_Exercise objective:_
Using the listing below, output only the lines from the one that contains "Vintage Diane von" through the one that contains "글로벌 축구매체 'BR풋볼'은", inclusive, exactly as given and without images.

[[ Given information, beginning ]]

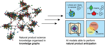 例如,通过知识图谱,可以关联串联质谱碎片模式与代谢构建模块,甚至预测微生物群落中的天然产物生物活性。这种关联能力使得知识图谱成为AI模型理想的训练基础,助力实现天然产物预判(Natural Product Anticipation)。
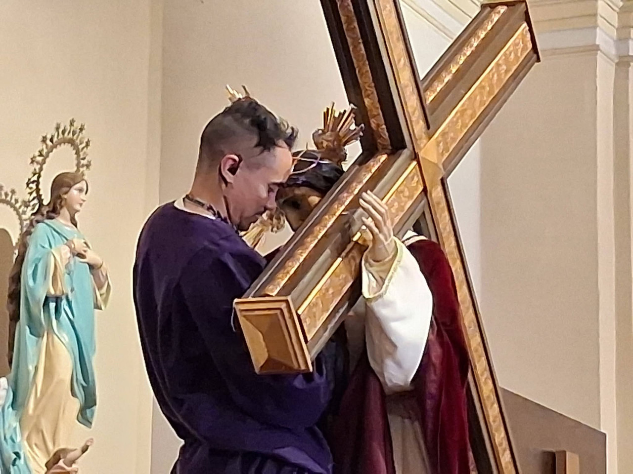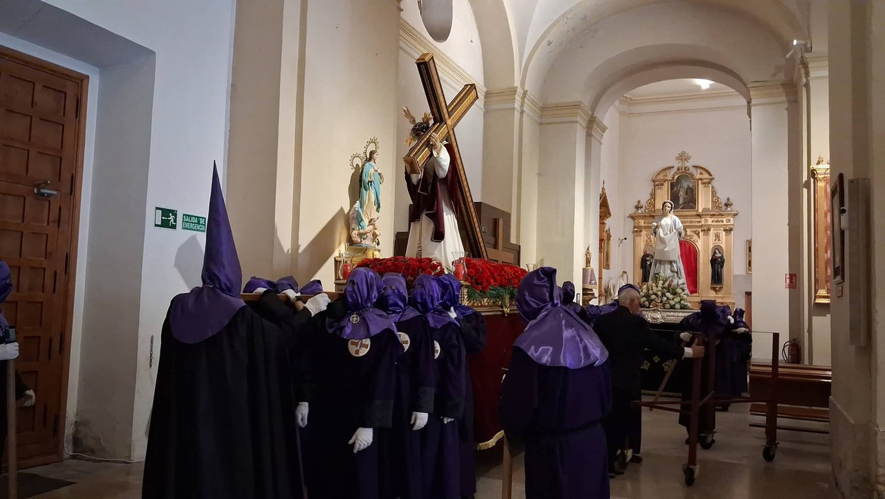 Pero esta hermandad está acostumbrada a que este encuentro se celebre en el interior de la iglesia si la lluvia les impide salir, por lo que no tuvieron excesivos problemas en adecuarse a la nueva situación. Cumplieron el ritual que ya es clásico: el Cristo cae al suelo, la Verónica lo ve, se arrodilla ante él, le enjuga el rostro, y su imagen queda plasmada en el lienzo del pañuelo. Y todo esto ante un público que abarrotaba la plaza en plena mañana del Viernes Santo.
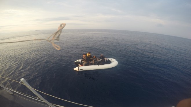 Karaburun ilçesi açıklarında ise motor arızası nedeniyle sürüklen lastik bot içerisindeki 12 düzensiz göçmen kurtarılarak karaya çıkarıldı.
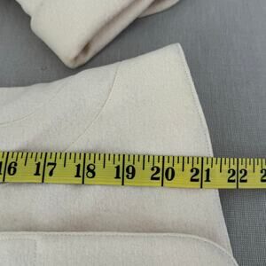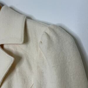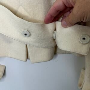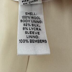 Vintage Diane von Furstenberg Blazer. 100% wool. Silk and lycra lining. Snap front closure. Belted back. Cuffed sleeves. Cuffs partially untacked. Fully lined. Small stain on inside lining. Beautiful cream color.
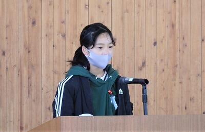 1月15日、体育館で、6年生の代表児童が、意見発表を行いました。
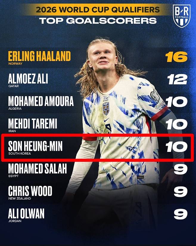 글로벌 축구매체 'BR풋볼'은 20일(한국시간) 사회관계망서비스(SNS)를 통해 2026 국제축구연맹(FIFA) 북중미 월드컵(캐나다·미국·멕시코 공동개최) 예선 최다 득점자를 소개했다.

[[ Given information, end ]]
[[ Given information, beginning ]]

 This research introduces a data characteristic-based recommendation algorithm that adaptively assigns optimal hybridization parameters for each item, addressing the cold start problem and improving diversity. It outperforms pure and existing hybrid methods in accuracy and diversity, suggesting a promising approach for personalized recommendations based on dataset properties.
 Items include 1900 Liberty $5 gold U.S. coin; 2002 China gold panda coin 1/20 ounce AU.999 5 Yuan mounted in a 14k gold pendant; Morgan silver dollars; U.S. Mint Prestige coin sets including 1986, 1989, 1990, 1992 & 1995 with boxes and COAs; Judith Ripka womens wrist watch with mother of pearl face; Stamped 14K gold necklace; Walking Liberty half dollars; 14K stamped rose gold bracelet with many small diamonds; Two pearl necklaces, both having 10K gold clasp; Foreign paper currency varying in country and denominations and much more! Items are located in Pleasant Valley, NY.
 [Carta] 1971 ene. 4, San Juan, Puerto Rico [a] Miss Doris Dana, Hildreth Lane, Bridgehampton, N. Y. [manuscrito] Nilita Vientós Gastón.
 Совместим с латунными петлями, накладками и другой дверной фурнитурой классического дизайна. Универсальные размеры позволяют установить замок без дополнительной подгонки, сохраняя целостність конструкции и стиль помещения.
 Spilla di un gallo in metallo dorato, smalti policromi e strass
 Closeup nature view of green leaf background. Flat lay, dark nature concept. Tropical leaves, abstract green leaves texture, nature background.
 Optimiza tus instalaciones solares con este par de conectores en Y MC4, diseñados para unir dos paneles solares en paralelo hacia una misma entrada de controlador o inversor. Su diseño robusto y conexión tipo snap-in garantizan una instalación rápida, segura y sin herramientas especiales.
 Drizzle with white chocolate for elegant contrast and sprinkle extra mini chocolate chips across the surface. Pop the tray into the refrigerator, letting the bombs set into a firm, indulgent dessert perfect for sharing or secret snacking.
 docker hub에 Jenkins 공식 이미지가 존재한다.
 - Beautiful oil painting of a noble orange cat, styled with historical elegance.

[[ Given information, end ]]
[[ Given information, beginning ]]

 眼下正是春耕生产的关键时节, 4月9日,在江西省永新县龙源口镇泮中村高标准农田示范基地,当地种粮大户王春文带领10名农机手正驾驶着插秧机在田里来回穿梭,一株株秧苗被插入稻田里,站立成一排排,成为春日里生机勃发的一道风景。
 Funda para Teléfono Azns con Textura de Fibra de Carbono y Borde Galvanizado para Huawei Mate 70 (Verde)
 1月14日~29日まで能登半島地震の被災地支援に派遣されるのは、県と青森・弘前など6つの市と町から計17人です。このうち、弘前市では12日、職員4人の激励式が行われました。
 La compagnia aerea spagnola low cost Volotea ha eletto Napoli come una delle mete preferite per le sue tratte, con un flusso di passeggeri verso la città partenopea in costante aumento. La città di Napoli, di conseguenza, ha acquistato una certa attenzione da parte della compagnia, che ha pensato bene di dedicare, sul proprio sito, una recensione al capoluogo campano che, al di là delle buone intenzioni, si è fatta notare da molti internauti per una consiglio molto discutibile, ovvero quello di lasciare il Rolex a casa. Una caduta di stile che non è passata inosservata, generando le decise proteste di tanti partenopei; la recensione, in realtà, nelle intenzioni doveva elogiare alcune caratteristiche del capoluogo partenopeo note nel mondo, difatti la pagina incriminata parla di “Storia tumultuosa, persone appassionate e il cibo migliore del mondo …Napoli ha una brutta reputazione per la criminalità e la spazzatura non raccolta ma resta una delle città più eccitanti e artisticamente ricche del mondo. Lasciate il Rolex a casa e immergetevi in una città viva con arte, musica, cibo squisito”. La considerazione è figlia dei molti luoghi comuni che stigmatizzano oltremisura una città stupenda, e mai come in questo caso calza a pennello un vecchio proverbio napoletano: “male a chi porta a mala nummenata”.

[[ Given information, end ]]

_Answer for this exercise:_
 Vintage Diane von Furstenberg Blazer. 100% wool. Silk and lycra lining. Snap front closure. Belted back. Cuffed sleeves. Cuffs partially untacked. Fully lined. Small stain on inside lining. Beautiful cream color.
 1月15日、体育館で、6年生の代表児童が、意見発表を行いました。
 글로벌 축구매체 'BR풋볼'은 20일(한국시간) 사회관계망서비스(SNS)를 통해 2026 국제축구연맹(FIFA) 북중미 월드컵(캐나다·미국·멕시코 공동개최) 예선 최다 득점자를 소개했다.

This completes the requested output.